→ Your goal: Give the lines again exactly as they appear, from the first line of the listing through the line containing "Caractéristiques : Pochette", and omit every picture.

→ Data provided:
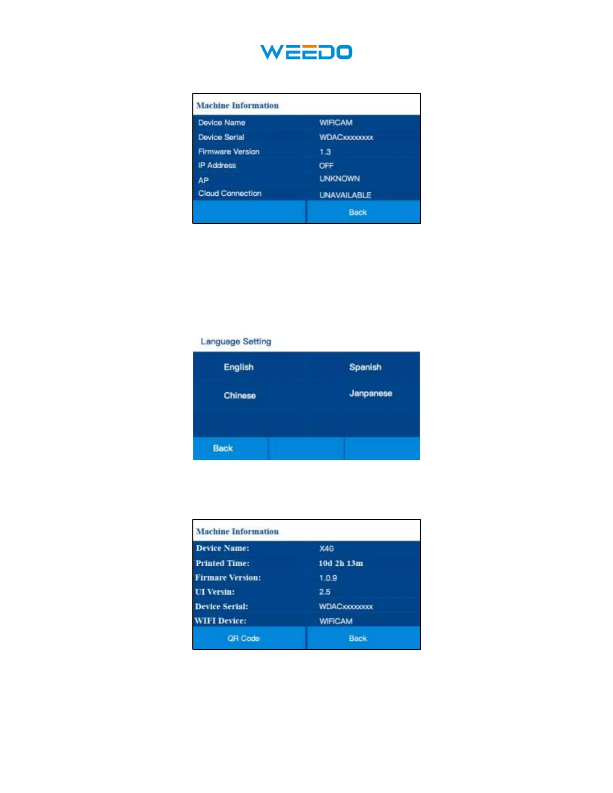 Update: When there is a new version of WIFI firmware, Click update, it will begin
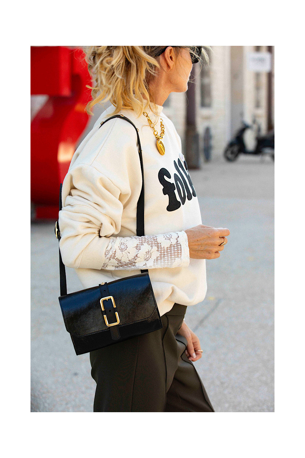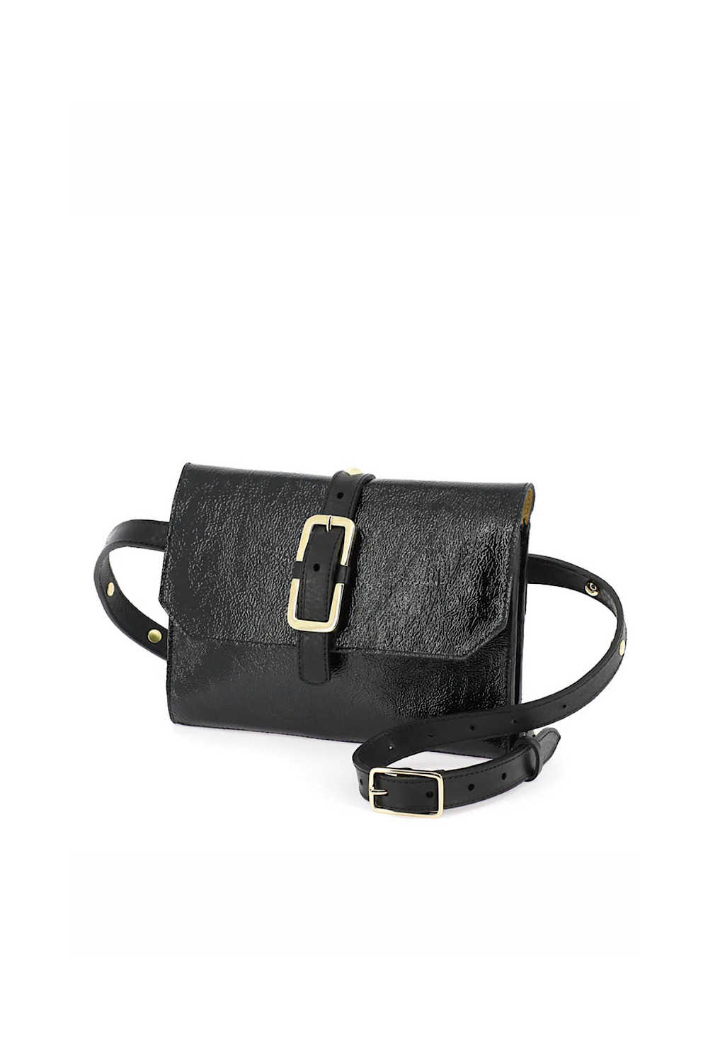 Caractéristiques : Pochette banane, portée croisée en bandoulière ou ceinturée à la taille, Cuir de vachette vernis Crispy Noir, Anse ajustable de 120 cm en cuir de vachette pleine fleur Noir au tannage végétal avec clous dorés sur toute la longueur, Intérieur organisé en quatre compartiments à la manière d’un compagnon, Doublure intérieure en croûte de cuir velours, Rabat avec bouton pression aimanté et boucle Millau, Bijouterie dorée, Fabriquée dans notre atelier familial à Hammamet (Tunisie)
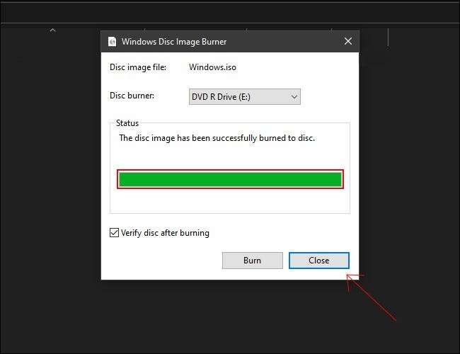 Ketika semuanya dilakukan, bilah status akan berubah sepenuhnya hijau, dan status akan membaca "Gambar disk telah berhasil dibakar ke disk." Klik "Tutup."
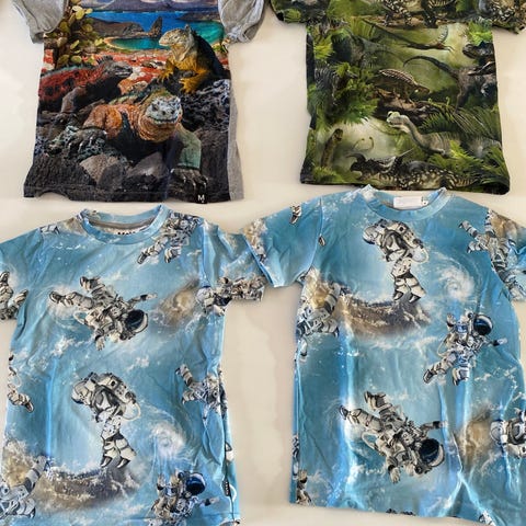 Nye Molo t-shirts str. 10 år (grøn) og 12 år (drager) sælges. Prisen er Per styk.

→ Exercise response:
 Update: When there is a new version of WIFI firmware, Click update, it will begin
 Caractéristiques : Pochette banane, portée croisée en bandoulière ou ceinturée à la taille, Cuir de vachette vernis Crispy Noir, Anse ajustable de 120 cm en cuir de vachette pleine fleur Noir au tannage végétal avec clous dorés sur toute la longueur, Intérieur organisé en quatre compartiments à la manière d’un compagnon, Doublure intérieure en croûte de cuir velours, Rabat avec bouton pression aimanté et boucle Millau, Bijouterie dorée, Fabriquée dans notre atelier familial à Hammamet (Tunisie)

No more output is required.